The network does have two pilots in production for 2014. Turn is a period piece about spies during the Revolutionary War. Halt & Catch Fire, the more promising of the pair, is also set in the past, but at least it’s a more recent and relatively unexplored version of it. Produced by Breaking Bad EPs Melissa Bernstein and Mark Johnson and starring the very talented Lee Pace (Lincoln) and Scoot McNairy (Argo), it’s set in Texas’s go-go “Silicon Prairie” of the early ’80s. (I’m picturing nerdy Don Draper, zooted on coke and megapixels.) But AMC has learned the hard way that strong pilots are no guarantors of future success, so rather than banking on the untested and unknown, the network is instead shucking and jiving like Roger Sterling at a Derby party, filling up dead air with cheap, congratulatory navel-gazing and grasping at spin-offs — the green-lit Better Call Saul, the inevitable Walking Dead companion show — in a frantic attempt to keep its competitive window open. Contemporary audiences may have a (diminishing) sense of network loyalty, but they can still smell desperation; Low Winter Sun wasn’t just rejected by Breaking Bad fans, it was actively resented for daring to share Walter White’s rarefied desert air. It seems increasingly apt that, earlier this year, AMC quietly changed its motto from the declarative “Story Matters Here” to the almost apologetic “Something More.”8
Still, The Walking Dead buys the network a lot of time, both creatively and financially.9 The primary source of its appeal is a horde of heavily latexed extras; as long as a rotting skull gets split in two at least once per episode, the ratings are unlikely to dip anytime soon. With “Violent Death” at the top of the call sheet,10 The Walking Dead is free to take wild creative chances, reboot itself every season, or — and this is, sadly, more likely — do nothing much at all. There had been reports that AMC had backed Robert Kirkman, the creator of the original TWD comic series, in his backroom power struggles with more experienced film and TV hands Frank Darabont and Glen Mazzara, leading to Scott Gimple being named the series’ third showrunner in four years. This latest change gave me nightmarish visions of fanboy indulgence allowed to run amok,11 but the first two episodes of the new season are actually the strongest the series has managed in years. The human characterization remains rotted-skin-deep, but the existential and emotional horror has been cranked up to 11. Last Sunday’s deeply disturbing guest turn by Kerry Condon demonstrated what the show is capable of when it allows a truly gifted actor to elevate what could otherwise be a gruesome wallow. It’s not something I find entertaining, but it’s undeniably infectious.

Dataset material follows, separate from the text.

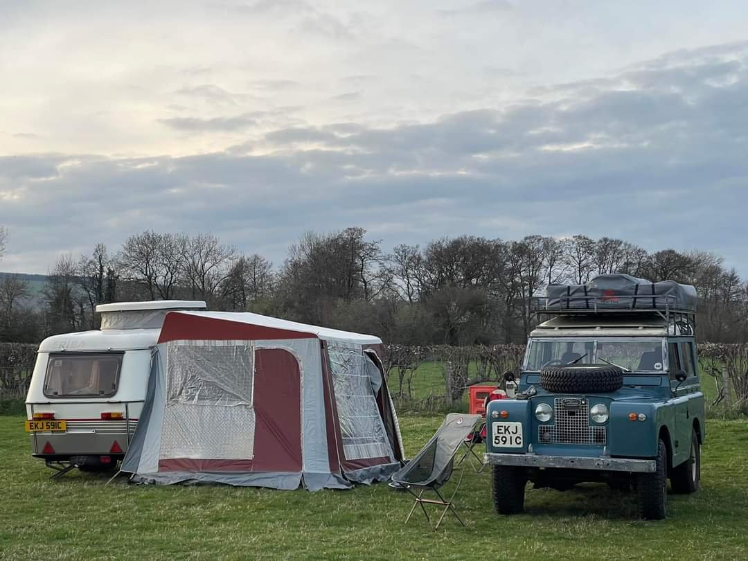 Modèle de caravane : Familia de 1992 + Defender 110 de 1998. Land 109 de 1972.
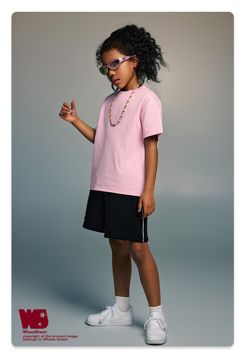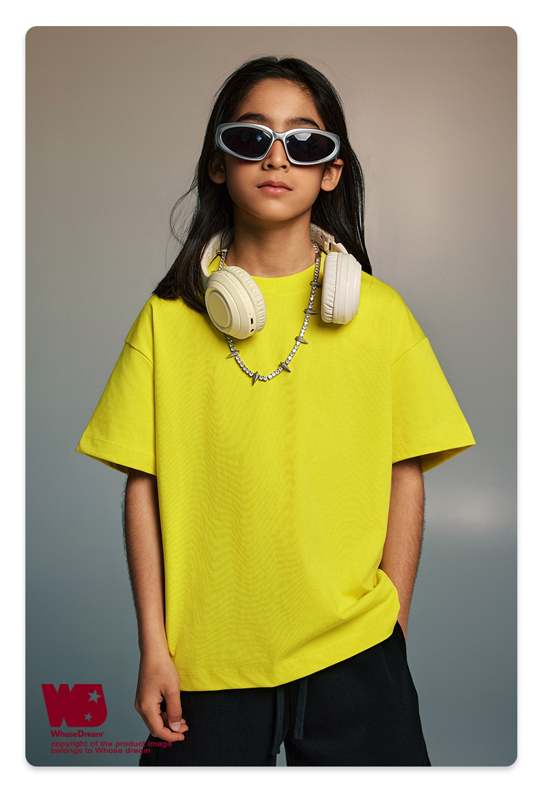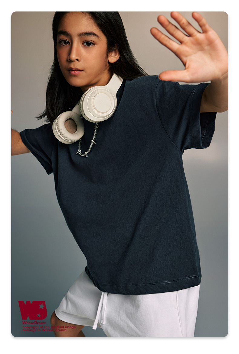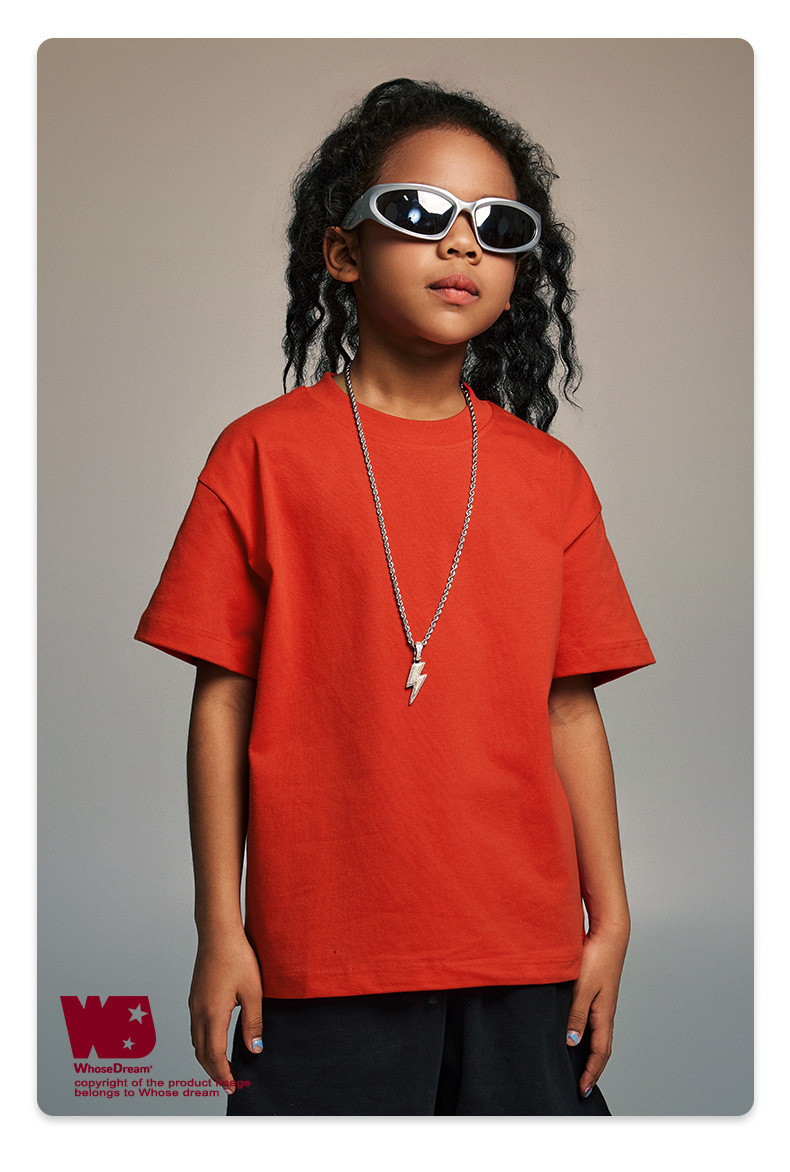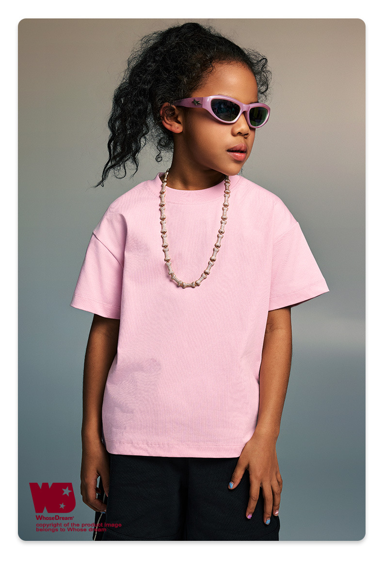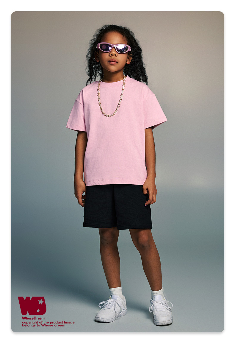 WD 아동복 2025 봄 여름 230g 기본 솔리드 컬러 라운드 넥 반팔 세컨드 흡수 속건 원단 트렌디 브랜드 티셔츠 다용도스토어 가기

As anyone who survived high school can tell you, being popular is rarely the same thing as being smart. Yet, for a time, AMC appeared ready and able to be both. Now it finds itself lapped creatively by FX and Showtime and outclassed by its own stepchild, Sundance Channel. AMC was once touted as the next HBO, but it’s the latter that has been able to perfect the strategy of financing high art with lowbrow thrills. (One Game of Thrones pays for a whole lot of Girls.) There’s certainly no shame in staggering forever forward, attempting to pull fresh meat off picked-over skeletons. I’m just not sure there’s much future in it, either.